Taharos, capítulo 7, mishná 4. Nuestro capítulo está dedicado a los amei ha'aretz y a la pregunta de cómo debe relacionarse quien es cuidadoso con la taharah con quien no lo es. Las mishnayos anteriores ya establecieron la línea divisoria entre el javer, a quien se le cree cuando habla de estas halajos, y el am ha'aretz, cuya palabra sobre comida y utensilios tahor no tiene ningún valor. De ahí surge de inmediato una pregunta obvia: ¿cómo debemos tratar a sus esposas?

La conclusión establecida es que el estatus de una mujer casada sigue al de su marido. Una mujer casada con un am ha'aretz es juzgada como él, y una mujer casada con un javer es juzgada como él. El razonamiento es sencillo: una casa funciona con un solo criterio, y cada mujer se conduce según la práctica que se sigue en el hogar donde vive.
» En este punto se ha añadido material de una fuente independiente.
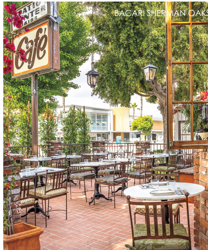
BACARI SHERMAN OAKS
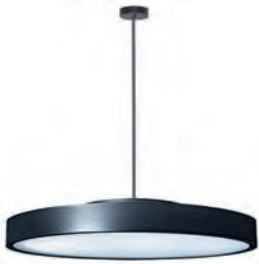
Standard pendant length: 1000mm Black
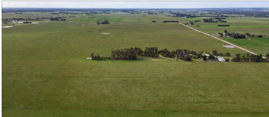
Drone Footage taken from west of the site looking to the east. Road running along the right side of the image is McLarens Road, cluster of trees in the centre is 379 McLaren's Road.
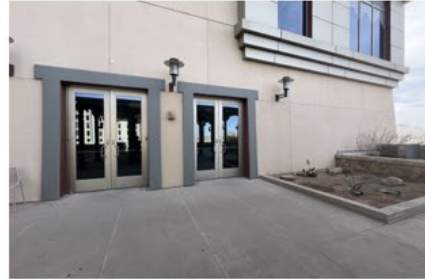
Designated garden bed with sculpture centered. The artwork will be anchored to a concrete base that will include a commemorative plaque.
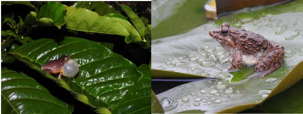
Left: Raorchestes glandulosus , Honey Valley. Right: Fejervarya mudduraja , Honey Valley.
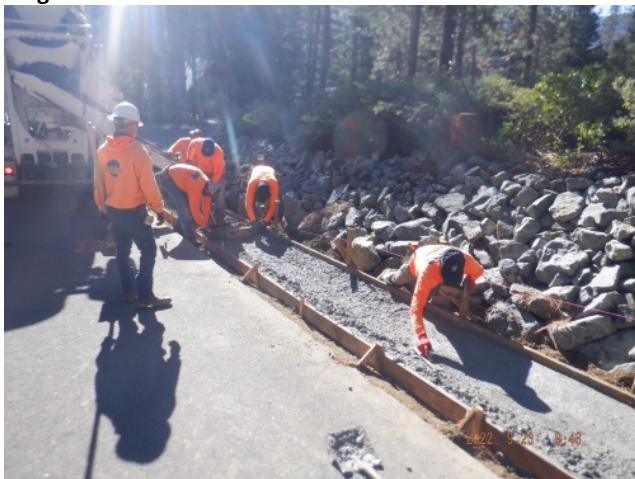
Curb pour on Tionontati (2022)
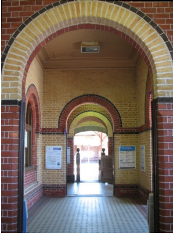
BRIGHTON BEACH RAILWAY STATION SOHE 2008
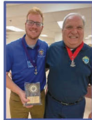
Meet Life Award
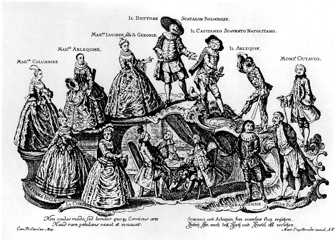
5. GROUP OF ELEVEN NAMED ACTORS of the Théâtre Italien, with moralizing verses in Latin and German. Engraving published by Martin Engelbrecht (1684–1756), Augsburg, 194×297 mm. Mid-18 th century. Sign.: Cum Pr.Sac.Caes.Maj/Mart. Engelbrecht excud.A.V. Deutsches Theatermuseum, Munich.

Three mid-18 th century production lists of Nymphenburg porcelain are recorded 27 , of which the first, a stock-list at Neudeck Castle of 8 August 1755, is too early to be of interest here. The second is the Inventory of Moulds dated 1760 5 , which lists 1 Harlaquin and 1 Harlaquinin , as well as 16 Stuckh Pantomim Figuren (16 pieces pantomime figures). In 1760 Bustelli had completed the modelling of the larger Harlequin and Harlequina, as well as the complete standard-sized set of the sixteen comedy actors, but this list contained no additional information on them.
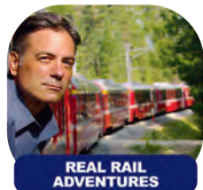
REAL RAIL ADVENTURES

Stream the new four-part documentary Muhammad Ali now on the PBS Video App! Episodes of the film will be available with WETA Passport starting October 11.

Nuestra mishná aplica este principio a una situación concreta y, en el camino, continúa la discusión entre Rebbi Meir y los Jajamim que ha marcado todas las mishnayos de este capítulo hasta ahora.

El caso

"Eishes javer shehinija l'eishes am ha'aretz tojenes b'soj beisah." Una mujer casada con un javer dejó a su vecina, la esposa de un am ha'aretz, moliendo grano dentro de su casa. Imagínelo: la vecina vino de visita y está trabajando en el molino, mientras la dueña de la casa salió por un momento de la habitación.
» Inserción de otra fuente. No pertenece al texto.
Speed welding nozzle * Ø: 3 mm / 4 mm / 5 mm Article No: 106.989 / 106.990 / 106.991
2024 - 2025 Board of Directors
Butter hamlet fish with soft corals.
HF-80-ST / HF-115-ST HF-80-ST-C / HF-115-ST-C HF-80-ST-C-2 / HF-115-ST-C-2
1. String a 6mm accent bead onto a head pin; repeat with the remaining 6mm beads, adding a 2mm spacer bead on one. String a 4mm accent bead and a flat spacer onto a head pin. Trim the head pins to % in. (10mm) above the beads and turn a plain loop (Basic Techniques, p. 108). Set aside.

"Paskah harejayim, habayis tamei." Si el molino se detuvo, toda la casa es temeah. El molino es un aparato que se trabaja de manera continua, y su sonido es una especie de informe sobre dónde está la mujer. Mientras se escucha la molienda, ella está fija en un mismo lugar. Cuando el sonido cesa, queda libre para levantarse y moverse a donde quiera, y Rebbi Meir supone que eso es exactamente lo que hizo. Un am ha'aretz no tiene ningún reparo en tocar lo que encuentra a su paso, de modo que debemos contar con la posibilidad de que ella haya deambulado y tocado.

"Lo paskah harejayim": pero si la molienda no se interrumpió, es decir, si ella permaneció en su trabajo sin pausa, entonces "ein tamei", nada en la casa se volvió tamei, "ela ad makom", excepto dentro de aquella zona "shehi yejolah lifshot es yadah v'liga", hasta donde ella podía extender el brazo y hacer contacto desde el lugar en que estaba sentada.

Cuando son dos

"Hayu shtayim", si había dos mujeres de amei ha'aretz en la casa, "bein kaj uvein kaj habayis tamei." Ya sea que el sonido del molino haya continuado o se haya detenido, toda la casa es temeah. "She'ajas tojenes v'ajas memashmeshes": una de ellas puede seguir moliendo, produciendo exactamente el sonido que nos habría tranquilizado, mientras la otra se levanta y anda hurgando por la casa. El ruido constante del molino ya no prueba absolutamente nada.

"Divrei Rebbi Meir." La mishná atribuye ahora esta enseñanza a Rebbi Meir, y la atribución abarca mucho más que la última cláusula: todas las resoluciones presentadas en la mishná hasta aquí son suyas.

La opinión de los Jajamim

"Vajajamim omrim": los Jajamim discrepan, manteniendo el mismo enfoque que adoptaron antes en el capítulo. Según ellos, nada es tamei más allá de "ad makom shehen yejolin", la zona dentro de la cual las mujeres podían "lifshot es yadan v'liga", extender la mano y tocar. No construimos una restricción sobre la suposición de que se levantaron y circularon por la casa; solo aquello de lo que tenemos fundamento para decir que realmente tocaron es declarado tamei.

Así, el mismo caso arroja dos resultados muy distintos. Para Rebbi Meir, el silencio del molino basta para volver temeah toda una casa, y una segunda mujer en la habitación deja al ruido mismo sin ningún valor como prueba. Para los Jajamim, la tumah no se extiende más allá del alcance de un brazo extendido.